A flagship example is the large data center built by China Unicom in Qinghai, valued at $390 million, powered entirely by domestic AI chips such as those from Pingtouge.
The technology gap is real, but the inference side has already reached a “good enough” threshold
The increasing market share of domestic chips does not mean the technology gap has disappeared.
Most industry analysts estimate that China’s domestic AI chips still lag Nvidia by 5 to 10 years on the data-center training side. When training trillion-parameter-level large language models (LLMs), Nvidia’s high-end GPUs remain the first choice. A concrete example is the 50,000 Hopper-series GPU cluster used to train DeepSeek’s R1 model.
However, on the inference side, the situation is different. Industry observers believe that for 90% of commercial applications—including image recognition, chatbots, and autonomous driving—domestic chips have already reached the “good enough” threshold, making switching from Nvidia to domestic solutions a feasible business decision. Expectations of further sanctions have accelerated this shift.
The real bottleneck lies in the software ecosystem. Nvidia’s CUDA platform, developed over more than a decade, has become the de facto standard for AI development. Domestic chip companies are investing heavily in compatibility: MetaX announced that its C500 series will support CUDA compatibility; Huawei plans to fully open-source the CANN platform in 2025 to expand its developer ecosystem; Cambricon and Moore Threads have each developed translation tools from CUDA to their own programming languages. The pace of ecosystem development will determine the ceiling for domestic chip market share.
Domestic AI chip companies are rapidly rushing into capital markets
The shift in market share is also being reflected in capital markets.
Since early 2026, a wave of IPOs has swept China’s GPU sector. Biren Technology and MetaX have listed on the STAR Market; TianShu Zhixin has gone public on the Hong Kong Stock Exchange’s Main Board; Iluvatar’s application for listing on the STAR Market has been accepted. Baidu announced plans to spin off Kunlun for independent listing, and insiders say Alibaba is considering a similar split for Pingtouge (T-Head).
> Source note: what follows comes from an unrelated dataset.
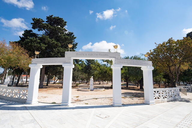In 1950, as part of “Palamas Week”, a nationwide fundraising campaign began for the erection of a bust of Palamas. The Municipality of Paphos contributed financially, while significant sums were raised across Cyprus, with Paphos covering the largest share of the cost.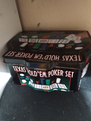 Juego de póquer Texas Hold'em en caja metálica. Ideal para jugar con amig@s. - Incluye fichas y cartas. - Caja en buen estado. - Perfecto para llevar a cualquier parte.

In 2025, Huawei’s R&D investment reached RMB 192.3 billion, accounting for 22% of revenue, focusing on chips, software, and manufacturing tools to further reduce dependence on U.S. technology. Huawei’s rotating chairman Xu Zhijun stated at MWC 2026 that Huawei will become an “alternative choice to ensure uninterrupted global AI computing capacity supply.” According to Reuters, Huawei’s next-generation Ascend 950PR chip has already attracted orders from giants like ByteDance and Alibaba. The shipment target for 2026 is about 750,000 units, with large-scale mass production starting in the second half of the year.
For Nvidia, even if the H200 has been approved for export to China, the trust foundation has been shaken. Beijing’s pursuit of independent controllability is no longer just a vision—it is a fact established by every domestic chip operating in data centers. When the 2026 market share data is released, whether the 55% figure will rebound or continue to decline will depend on whether Washington’s export policies shift again and how quickly domestic chips catch up on the training side.